“The Future and Relevance of Opposition Politics in Zimbabwe after the 2013 Elections”.
A presentation to the Mass Public Opinion Institute’s (MPOI) Public Seminar, Thursday 26 September 2013, New Ambassador Hotel, Harare, Zimbabwe.
By Takura Zhangazha*
Let me begin by expressing my gratitude, as always to MPOI for inviting me to participate in this important debate concerning the future of opposition politics in Zimbabwe. As the title of the matter to be debated openly implies, it is a future that is being considered particularly in the aftermath of the July 31 2013 harmonised election. The reasons why the question is relevant relates to two things.
Firstly that the political opposition in Zimbabwe, which historically was at its strongest since 1999 and particularly in 2008, seems to be on the back foot. Assumptions of an inevitable victory or alternatively, movement from opposition to ruling party status appear to have been quashed by the disputed but politically accepted result of our most recent national election. Secondly, the issue of the status of the opposition and its future is emerging not only in relation to the existence of the mainstream opposition , the Movement for Democratic Change (MDC-T), but as a generalized query as to whether there can be a viable, vibrant and potentially election winning opposite end of Zanu Pf in Zimbabwe.
Both considerations will evoke political emotion in many an opposition party supporter. Some who may not want to have all their sacrifices appear to have come to naught will defend to the hilt the current mainstream political opposition parties. It is an understandable reaction to any attempts to seek to analyse the reasons for the current state of affairs in the opposing political parties. Others who are sympathetic to the ruling party will argue that where the opposition finds itself now is a political tragedy of its own making.
They will over analyze the weaknesses of the mainstream opposition and claim that it was not grounded in the people. Or alternatively that it did not campaign adequately for the hearts and minds of the masses. This is also an understandable assertion given the right of every Zimbabwean to an opinion even if it is a biased one.
A departure point however would be to assess the opposition politics with an understanding that it will always exist in Zimbabwe and that it will not always be victorious. In fact the key issue is that there must always be an opposition to whatever government in power, not only in order for the replacement of the latter but also for critical and popular oversight. So I must make this particular point with emphasis. The opposition does not exist solely for the purposes of power acquisition, except only in cases where it claims to be leading a revolution, particularly in the short term.
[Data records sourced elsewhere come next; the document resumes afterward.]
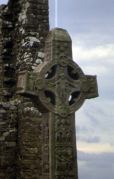 Eines der drei Hochkreuze in Clonmacnoise. Die Bilder, die in den harten Granit gehauen wurden, erzählen Stationen aus dem Leben Jesu. Sie waren nicht nur Zeichen der Andacht, sondern auch Anschauungsmaterial für das dem Lesen unkundige Volk.
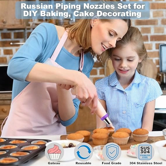 Идеально подходит для украшения тортов, кексов и печенья. Благодаря различным советам вы сможете добиться цветочных эффектов, роз, листьев и звезд. Отличный подарок любителям выпечки. 🌷🎂
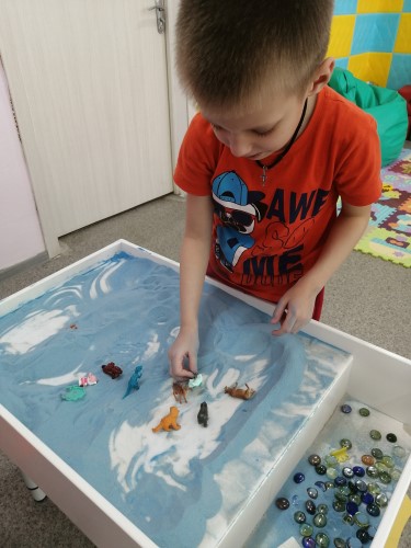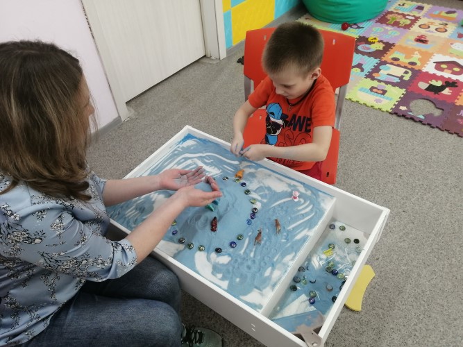В рамках месячника распространения информации об аутизме психолог Алимова С.В пригласила детей с РАС в волшебный песочный мир, и показала много интересных игр, с помощью которых дети окунулись в сказку. Взаимодействие с песком, как и всякая игра, способствует моторному и когнитивному развитию ребенка. Игры с песком – это очень приятное и творческое занятие, практически всегда связанное с созиданием чего-то. Взаимодействие с песком само по себе обладает успокаивающим эффектом, способствует оптимизации и стабилизации эмоционального состояния.
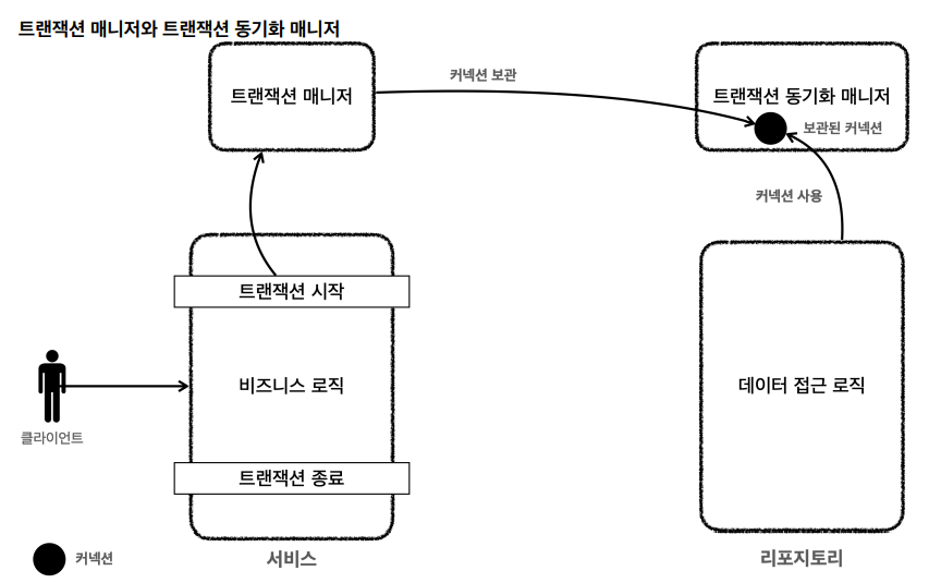 - 트랜잭션 매니저는 트랜잭션이 시작된 커넥션을 트랜잭션 동기화 매니저에 보관
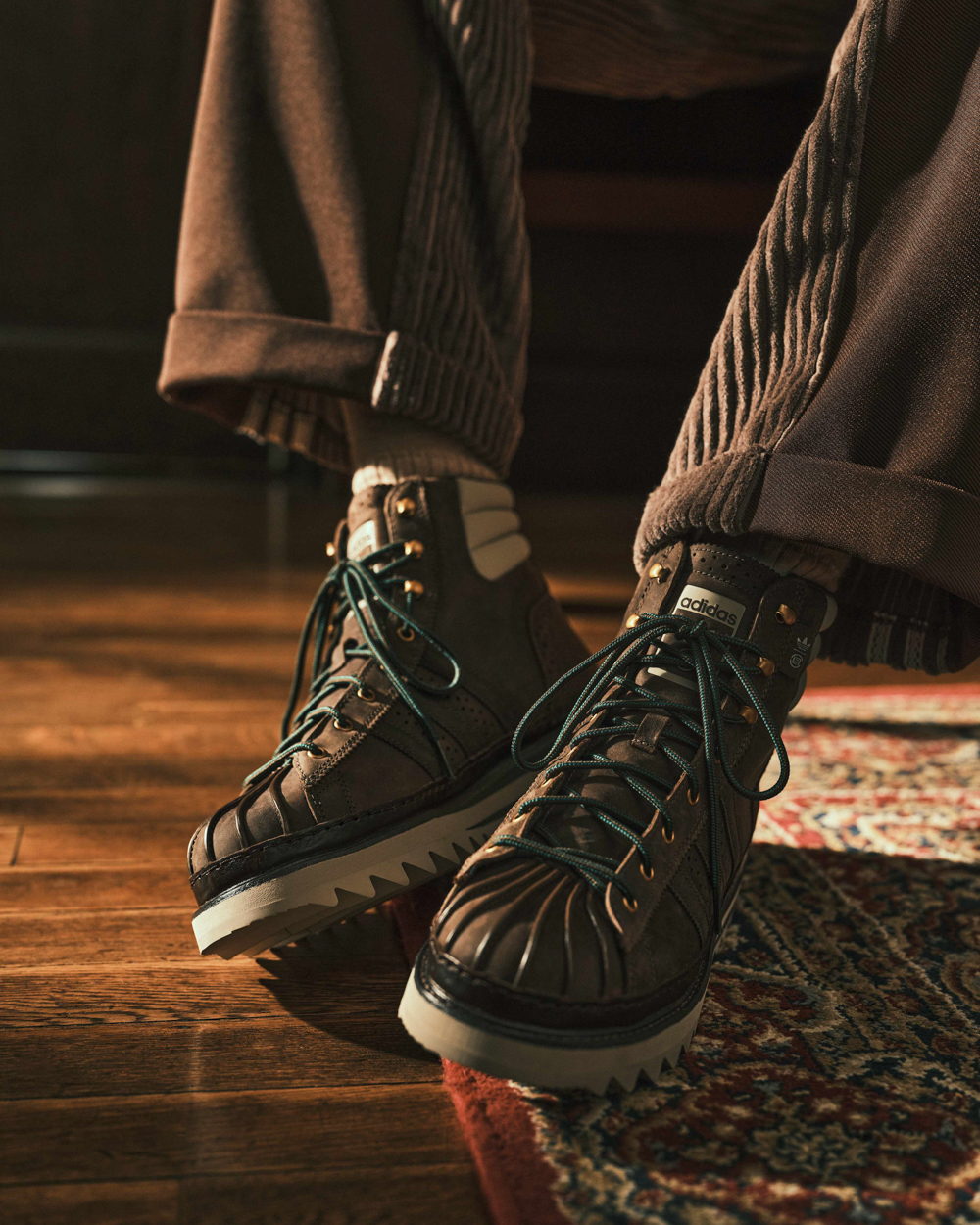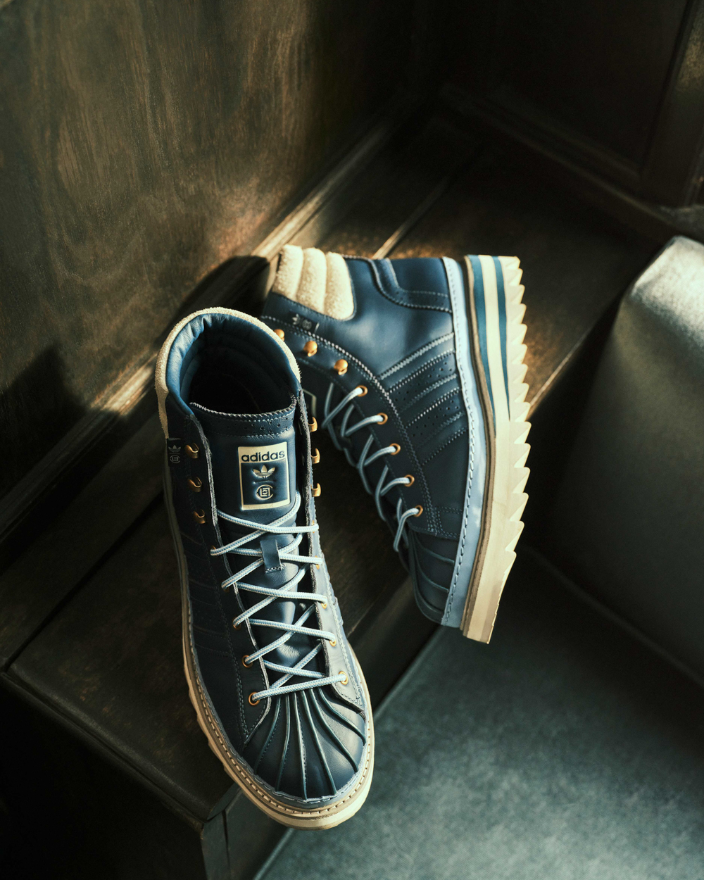 系列核心單品 CLOT Pro Model 以 adidas 經典 Superstar 為藍本,打造適合冬季穿搭的中幫靴款。鞋款提供海軍藍與棕色兩種配色,選用高級皮革搭配繩狀鞋帶,並輔以厚實鋸齒外底提升實穿性。金色鞋眼與鞋舌上的 CLOT 標誌為細節加分,讓整體在工藝質感與文化敘事間達到平衡,呈現運動美學的全新演繹——兼具粗獷與精緻的現代風格。
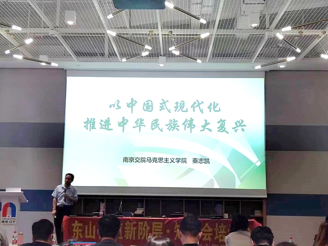 为全面深入学习宣传贯彻党的二十大精神,切实提高党外人士的政治理论素养和综合能力,坚定党外人士接受中国共产党领导的政治自觉、思想自觉和行动自觉,以奋勇争先的良好姿态推进工作,充分发挥新的社会阶层联合会的先锋带头作用,2023年9月21日 江宁区东山街道举办《新阶层·知联会》培训活动。马克思主义学院秦志凯副教授受邀做了《以中国式现代化推进中华民族伟大复兴》的专题报告。
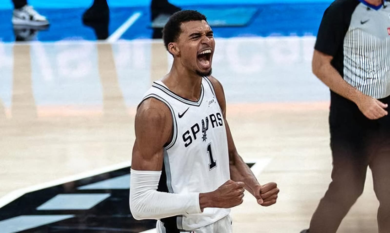 Até o momento da saída, Wembanyama somava cinco pontos, quatro rebotes e um bloqueio em cerca de 12 minutos de atuação.
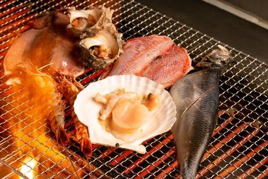 ■炉端焼き肉・魚・野菜など焼き台周りに並べられた食材を炭火焼きにし、カウンターのお客さまへは大しゃもじでご提供いたします。
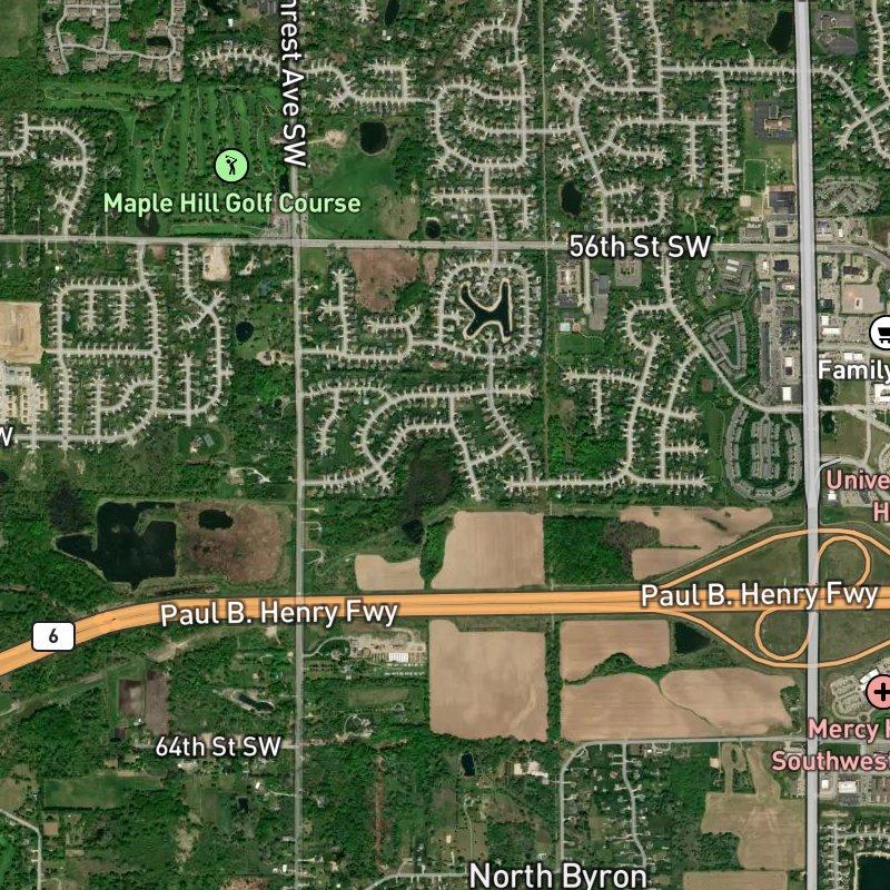 Wildflower Ridge spreads across 61 acres in the Koster South Area, a platted subdivision where homes cluster around a grocery store and coffee shops sitting about a 9-minute walk away—the kind of proximity that actually matters on a Saturday morning. Downtown Grand Rapids lands 16.8 minutes by car, and Gerald R. Ford Airport is 21.3 minutes, which means commuting stays reasonable without feeling like you're in the thick of things. Median prices hover around $460K, positioning the subdivision as a residential pocket within reach of over 130 restaurants and 30 grocery stores scattered across two miles. Grandville Public Schools serves the area, and the nearest park—Gezon Park—sits 1.3 miles out. A transit stop lands about a 10-minute walk away, threading the neighborhood into the region's broader network without making that connection feel forced.
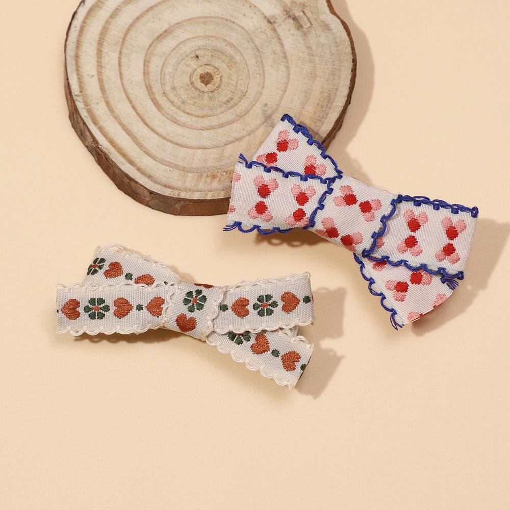 Nuevo tocado infantil transfronterizo de Europa y Estados Unidos, bonito lazo bordado con pinza para el pelo de encaje, pinza para el pelo para niñas que no dañan la pinza.
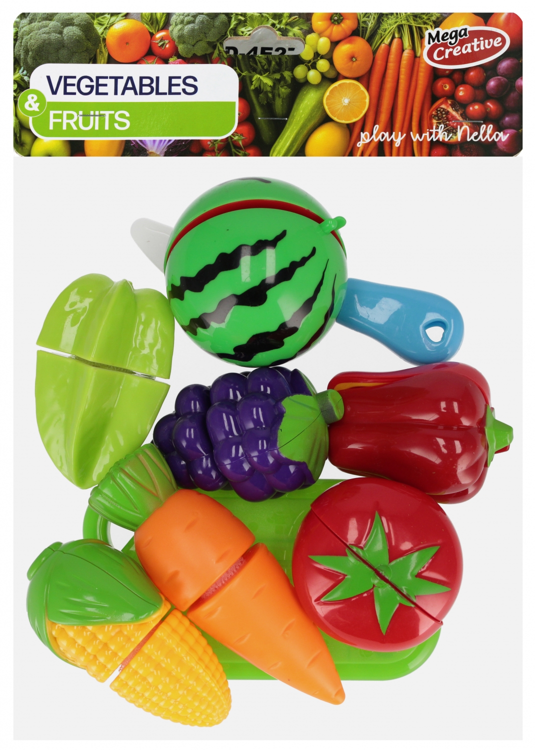 Zalety produktu Dzięki Zestawowi do krojenia MEGA CREATIVE, Twoja pociecha pozna różne rodzaje Owoców i Warzyw. Wspólna zabawa na pewno zaowocuje wspaniałymi chwilami podczas wspólnego gotowania smakołyków w kuchni W zestawie zajdują się deska do krojenia, nóż oraz 7 różnych owoców i warzyw - różniących się w zależności od zestawu. Wszystkie Owoce oraz Warzywa podzielone są na dwie części, połączone ze sobą za pomocą rzepów, co imituje proces ich krojenia. Produkty wykonane z plastiku.

The opposition in Zimbabwe has never laid claim to leading a revolution. It has talked of democracy, the struggle, but not revolution. And therefore, it has fundamentally been a collection of those that oppose not in order to transform Zimbabwean society, but to replace those in power. This has been a key characteristic of the mainstream opposition since independence and it is not a bad thing in and of itself.
The only problem that this tendency has faced is that of the long incumbency of the ruling party and its claim to be a revolutionary which in its own reasoning makes it somewhat unassailable.
This has regrettably led to the contemporary opposition in Zimbabwe taking the well trodden path of them versus us and no other particularly issue to oppose each other about.
It is an analysis that some will refute to the extent of bringing out manifestos to try and offer or prove themselves as an alternative. The truth of the matter is that the lived political realities on the ground indicate that the practices and strategies of the parties are all too similar. That is why for example, the patronage component appeared to have triumphed in the last elections with allegations of vote buying being placed before the Electoral Court.
In order to elaborate further, I will use the famous phrase from George Orwell’s Animal Farm novel. In relation to lived political experiences of the masses of Zimbabwe over and about political opposition and ruling parties, the most apt line would be “The creatures outside looked from pig to man, and from man to pig, and from pig to man again; but already it was impossible to say which was which.”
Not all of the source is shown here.